When designing a database schema, it’s worth trying to choose sensible sizes for each column. It’s obviously crucial to make sure that your field gives enough space to accommodate the data you want to store in it, but it’s good to keep the sizes down as far as possible in order to improve performance. Increasing the size of each row is going to come with a cost in storage and processing time. As might be obvious from the title, I learnt a lesson about this a couple of days ago.
Some months ago I built a new API, and we were particularly keen to be able to analyse its performance and the number of queries. Given we had a database connection handy, it seemed most convenient to log requests directly into a table. With hindsight this was probably a bad idea:
- Ultimately it’s going to be less performant than just writing to a log file
- As the requests pile up the table gets bigger, making backups huge and soon necessitating a regular cronjob to purge out older entries
On the other hand, logging to the database does give a massive advantage in terms of the ease of querying the data. With a few SQL statements it’s trivial to analyse load per hour, see how it varies over time, and group by other logged parameters (such as the service queried). We also built a plugin for Munin to allow us to produce realtime graphs of API load. While a log file can be queried in a similar way using the linux shell, that’s a rather less trivial process.
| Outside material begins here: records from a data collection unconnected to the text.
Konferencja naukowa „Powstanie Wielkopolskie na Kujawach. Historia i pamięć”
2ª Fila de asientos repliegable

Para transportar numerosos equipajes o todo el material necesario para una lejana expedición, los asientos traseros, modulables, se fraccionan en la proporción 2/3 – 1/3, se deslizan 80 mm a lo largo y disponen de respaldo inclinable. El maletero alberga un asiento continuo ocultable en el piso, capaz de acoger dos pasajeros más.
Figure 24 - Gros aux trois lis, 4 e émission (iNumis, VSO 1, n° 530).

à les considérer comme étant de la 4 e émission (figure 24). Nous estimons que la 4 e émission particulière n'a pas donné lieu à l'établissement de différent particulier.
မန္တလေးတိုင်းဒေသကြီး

I built up the table as follows:
CREATE TABLE `api_requests` ( `id` MEDIUMINT(8) UNSIGNED NOT NULL AUTO_INCREMENT, `service` VARCHAR(10) DEFAULT NULL, `ip` VARCHAR(20) NULL DEFAULT NULL, `query_string` VARCHAR(1024) NOT NULL DEFAULT '', `time_taken` FLOAT(9,6) NULL DEFAULT NULL, `timestamp` TIMESTAMP NOT NULL DEFAULT CURRENT_TIMESTAMP, PRIMARY KEY (`id`) ) COLLATE='utf8_general_ci' ENGINE=InnoDB ;
This all seems OK so far. So which field is too small?
- The service field looks suspicious – there’s only 10 characters allowed. This turns out not to be a problem as the only services we’ve built have short names.
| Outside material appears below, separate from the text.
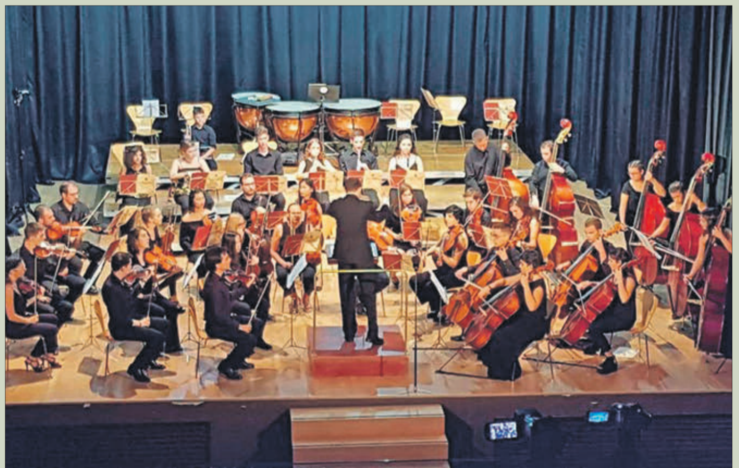
La simfònica de Sant Vicent del Raspeig durant el concert que va oferir.
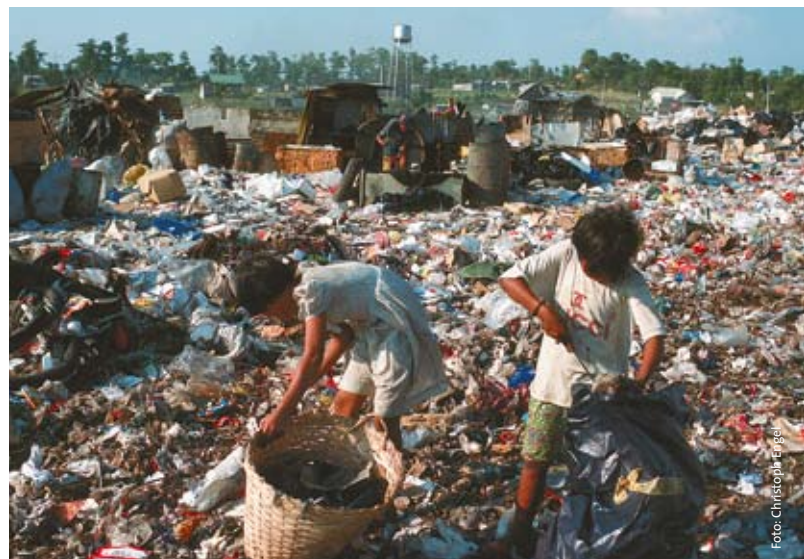
Arbeitende Kinder auf der Müllhalde in Payatas/Philippinen.

In der strategischen Planung für den Zeitraum von 1999 bis 2004 beschloss die Kindernothilfe, die Arbeit schrittweise auf mehr Breitenwirksamkeit auszurichten. Die Hälfte des Gesamtvolumens für die Projektunterstützung sollte bis 2004 in breitenwirksamere Projekte fließen. Breitenwirksamkeit sollte vor allem, aber nicht ausschließlich, über eine stärkere Gemeinwesenorientierung erreicht werden.

- What about the IP address? 20 characters is more than enough for IPv4, and we’re not being queried over IPv6.
- I guess the query string could be too short…?
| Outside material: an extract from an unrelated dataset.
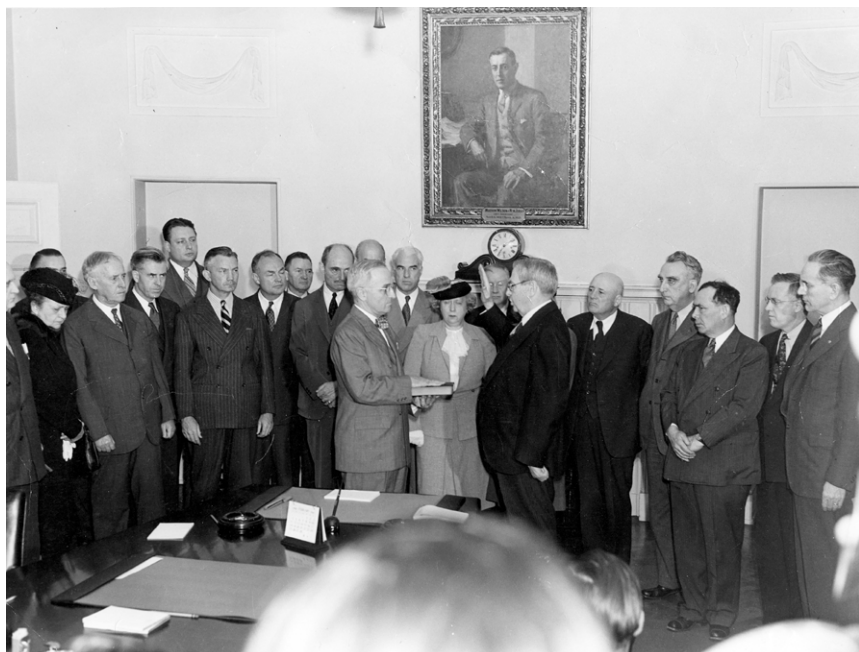
Гаррі Трумен складає присягу президента. 12 квітня 1945 року

руйнівної сили». Цей проєкт такий засекречений (і такий потенційно небезпечний), що про нього знає лише купка людей. Військовий міністр пообіцяв докладно доповісти про все Труменові за кілька днів, коли той облаштується на новому місці.

If it’s not yet obvious the answer was the primary key, the ID. A MySQL MEDIUMINT UNSIGNED allows values up to 16,777,215, and after a few months the id grew to this level. At this point the server refused to insert any more rows with a cryptic error message about a unique key violation (the AUTO_INCREMENT value can’t grow any higher, and it tries to insert the new row with the same ID as an old one). A few minutes later (after a lucky catch by our API validation system) and the field size was big enough to last the next 300 years.
It’s obviously impossible to predict the future, but I think I’ll be erring a little more on the side of caution when designing future schemas.